Fig. 2. The function UpdateSM.











Fig. 3. The function NextNode.







When the student studies an $LN$ , the function UpdateSM is activated taking in input the $LN$ and the current $SM$ . The function TimeSpentOnTheNode computes and returns the time $t_f$ , that is, the time the student spent on the node. The function ComputeScorePostTest computes and returns the score taken by the student in the posttest related to the $KI_{\ell }$ of the node, namely, the $AK$ related to the $LN$ . Should the posttest not be provided, we can only assume a score of 0 and consider the $KI_{\ell }$ related to that node as acquired, though without updating the student's $LS$ . On the other hand, if the posttest is available, we update the student's $LS$ according to the $LS$ associated with the node, to the fruition time $t_f$ , and to the score obtained with the posttest. In particular, if the $KI_{\ell }$ is acquired, we consider that learning material is adequate for the case, so we can update the student's $LS$ toward the $LS$ of the node, by an extent depending directly on score and inversely on time $t_f$ . On the contrary, if the knowledge item is not acquired, we apply the opposite behavior. Let us note that such modifications are to be considered "adjustments" for the present $LS$ estimate, so they are actually quantified as values in $[0,1]$ . The two functions $\eta_1$ and $\eta_2$ range in $[0,1]$ , as shown in [ 31 ].

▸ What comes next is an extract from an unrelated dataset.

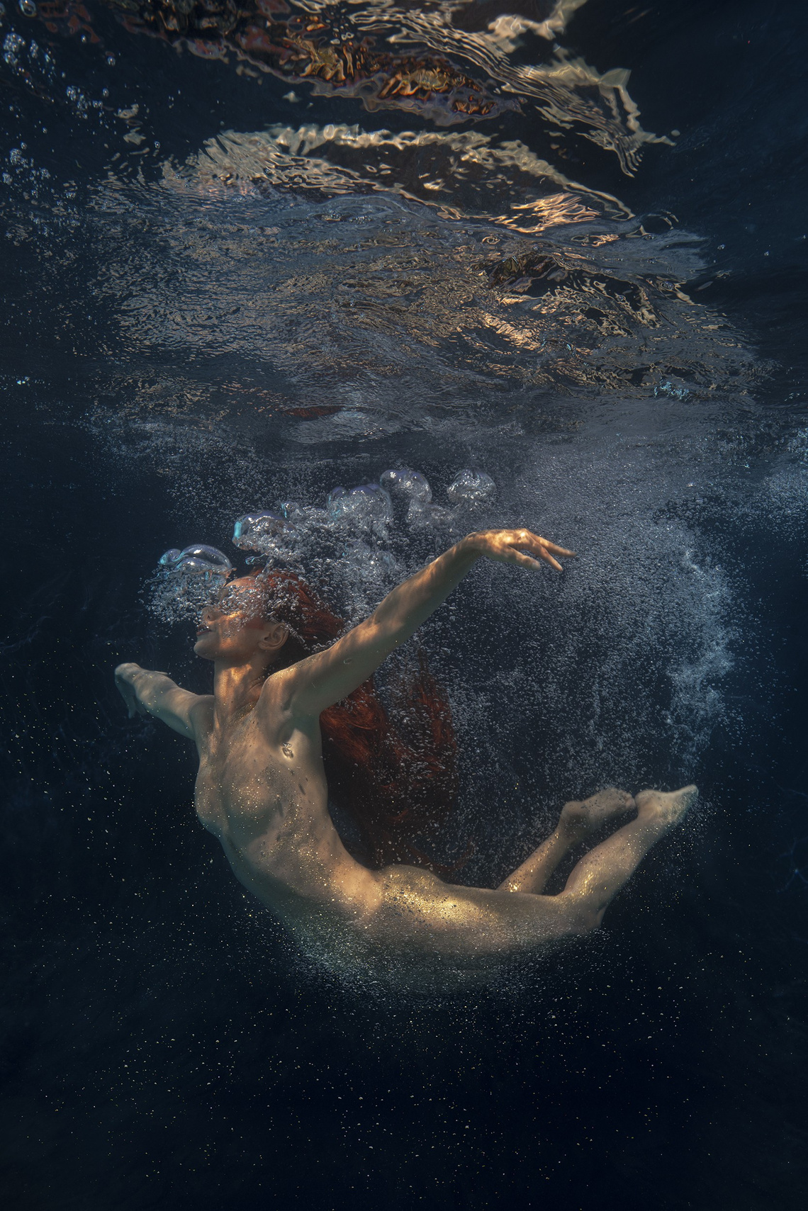 Beth Mitchell currently resides and practices between Brisbane and Melbourne, having devoted many years to developing her unique approach to underwater digital photography. Her work invites viewers into surreal, immersive aquatic worlds, where female figures exist in states of suspension and movement.

The function NextNode proposes the next node to be learned on the basis of the new student model, as described in Fig. 3 . If a $D_i$ , as given in Definition 2, changes sign, we reckon there is a significant variation in the student $LS$ , which makes it necessary to replan the $LOS$ : The algorithm suggests the first $LN$ of the new $LOS$ computed by the planner. If the student does not pass the test, the time $t_f$ is examined: the Boolean function "time-out" checks whether $t_f$ is out of range and if it is the first time that the $LN$ has been studied. Should that be the case, the system proposes once again the same node to the student. After the second unsuccessful trial, the system applies the function CheckClosestNode that looks for an alternative node, $LN^{\prime }$ , having the same $RK$ and the same $AK$ of the current $LN$ , and having the smallest distance from the student's $LS$ (in terms of euclidean distance metric). If such a node does not exist, by means of the function OrderedPredecessorsList the algorithm computes the list $L$ of the $LN$ predecessors, i.e., the nodes connected to the $LN$ by an incoming link, in order to verify the acquisition of prerequisites, $RK$ , related to the $LN$ . The nodes are accommodated in the list $L$ according to the following precedence classes: 1) first, the predecessor nodes that were not yet visited; 2) then the nodes that do not provide tests, proposed according to the difficulty levels $K, A, E$ ; 3) then the nodes that provide tests whose $LS$ are closest to the student's $LS$ . The $AK$ of the prerequisite nodes, if present, are removed from the $CS$ because we are in presence of a sort of "loss" of knowledge. Then the algorithm puts $L$ on the top of the $LOS$ and suggests its first $LN$ . If both the attempts to explain the concepts with different learning material and the prerequisite checks fail, the algorithm replans a new $LOS$ and proposes its first $LN$ . If no plan is found, we assume that all the possible $LOS$ have been already taken into account: this is the case when the teacher has to regain control.

3.2 The Teacher Assistant
The Teacher Assistant is responsible for the management of the functionalities provided for the teacher, i.e., for the management of the pool. The teacher also selects the items and the threshold for the Cognitive State Questionnaire, and manages the students' registration to the course. In particular, she decides the student's instructional goal and specifies her didactic strategies, such as the desired level of the course, or the particular way she prefers to explain a given concept.
3.3 The Pdk Planner
Here, we describe how automated planners, in particular the logic-based ones, can support either one of the processes of course configuration and domain validation. In the context of course configuration, planning problems are described by "actions" ( $LN$ ), specifying action preconditions ( $RK$ ), and action effects ( $AK$ ), as well as the initial state (initial $SM$ ) and the goal. Besides all these basic elements, a teacher would be allowed to express her didactic strategies, e.g., preferences related to a concept explanation. To this aim, we use the planning language PDDL-K and the Pdk Planner (Planning with Domain Knowledge) [ 13 ] (available at http://pdk.dia.uniroma3.it). It conforms to the "planning as satisfiability" paradigm: The logic used to encode planning problems is propositional Linear Time Logic (LTL). PDDL-K [ 13 ], conforming to standard PDDL, guides the teacher, through the Teacher Assistant, in the specification of heuristic knowledge, providing a set of control schemata, that is, a simple way of expressing control knowledge. The language is given an executable semantics by means of its translation into LTL. The following is an outline of the Pdk functionalities that are exploited by LS-Plan; for a more detailed description see [ 31 ]:

    1. Course sequencing: The initial conditions are given by the cognitive state of the initial student model. The goal of the problem corresponds to course target knowledge. In this way, course sequencing is the synthesis of the actions that the planner produces to reach the goal.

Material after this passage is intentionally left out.